Contribution: To tackle this, we introduce CoRNStack, a large-scale, high-quality training dataset designed specifically for code retrieval across multiple programming languages. CoRNStack is curated to remove noisy data and includes challenging examples that improve learning. The dataset, which comprises instances of the form of <query, positive, negatives>, supports training code retrieval and reranking models.
Results: With contrastive training on CoRNStack, our code retriever model (CodeRankEmbed) achieves state-of-the-art results across diverse code retrieval tasks. Our fine-tuned reranking model (CodeRankLLM) further enhances the quality of retrieved results, and when combined with our code retriever, it significantly improves the accuracy of finding relevant functions in GitHub issues—a key need in real-world software development.
The effectiveness of code embedding models depends heavily on the quality of their training data, which comes in the form of triples: a query, a relevant (positive) example, and unrelated (negative) examples.
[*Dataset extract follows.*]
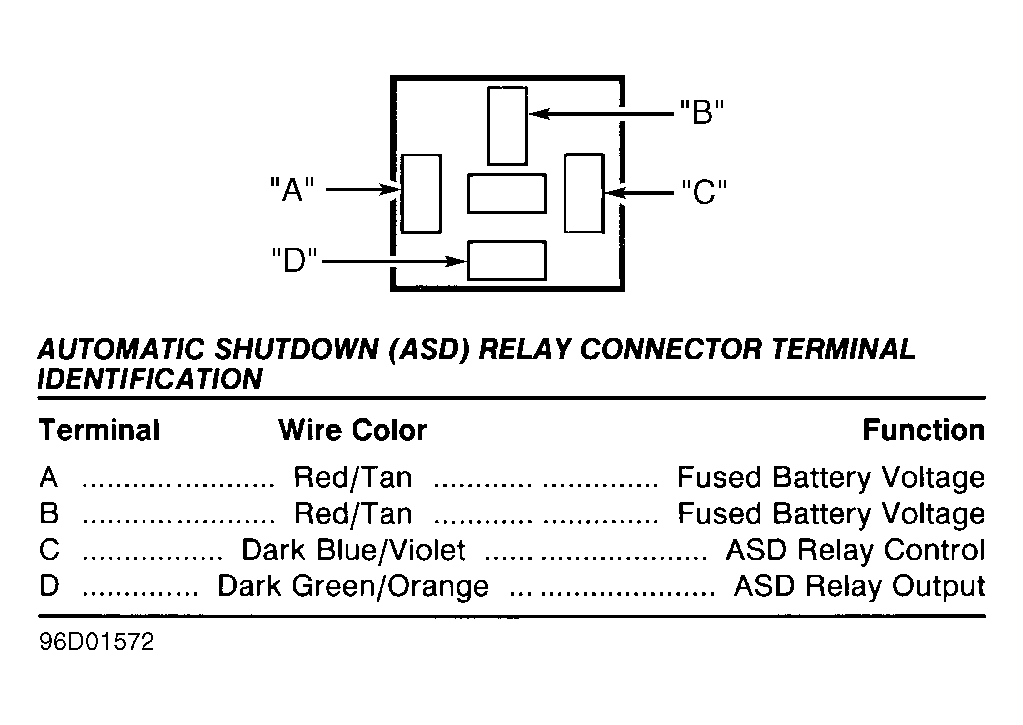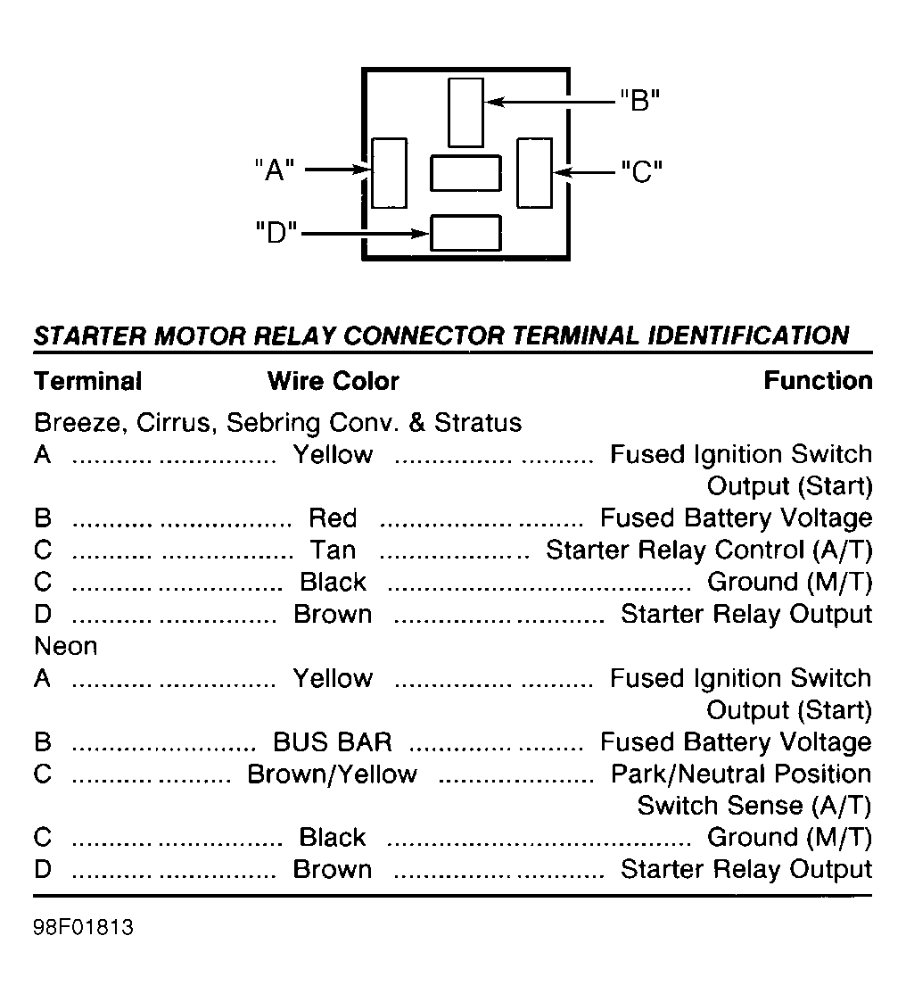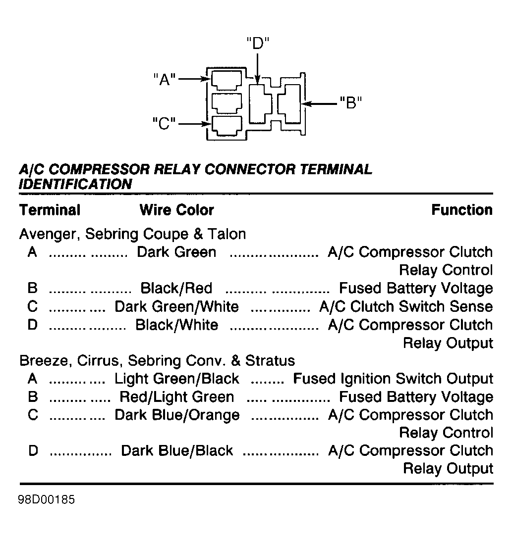 Fig 1: Identifying A/C Compressor Relay Connector (Avenger, Breeze, Cirrus, Sebring Conv., Sebring Coupe, Stratus & Talon)

Training with high quality positives with hard negatives, examples that are similar to the positives but don't answer the query correctly, results in high performing code embedding models. Directly using open-source code data like The Stack v2 for this purpose can introduce mismatched or mislabeled pairs, which weakens model performance. To address this, we propose a two-step filtering method that selects the most relevant positives based on similarity scores and adds a diverse range of hard negatives. We call this curated dataset as CoRNStack, short for Consistency filtering and Robust Negatives for enriching The Stackv2.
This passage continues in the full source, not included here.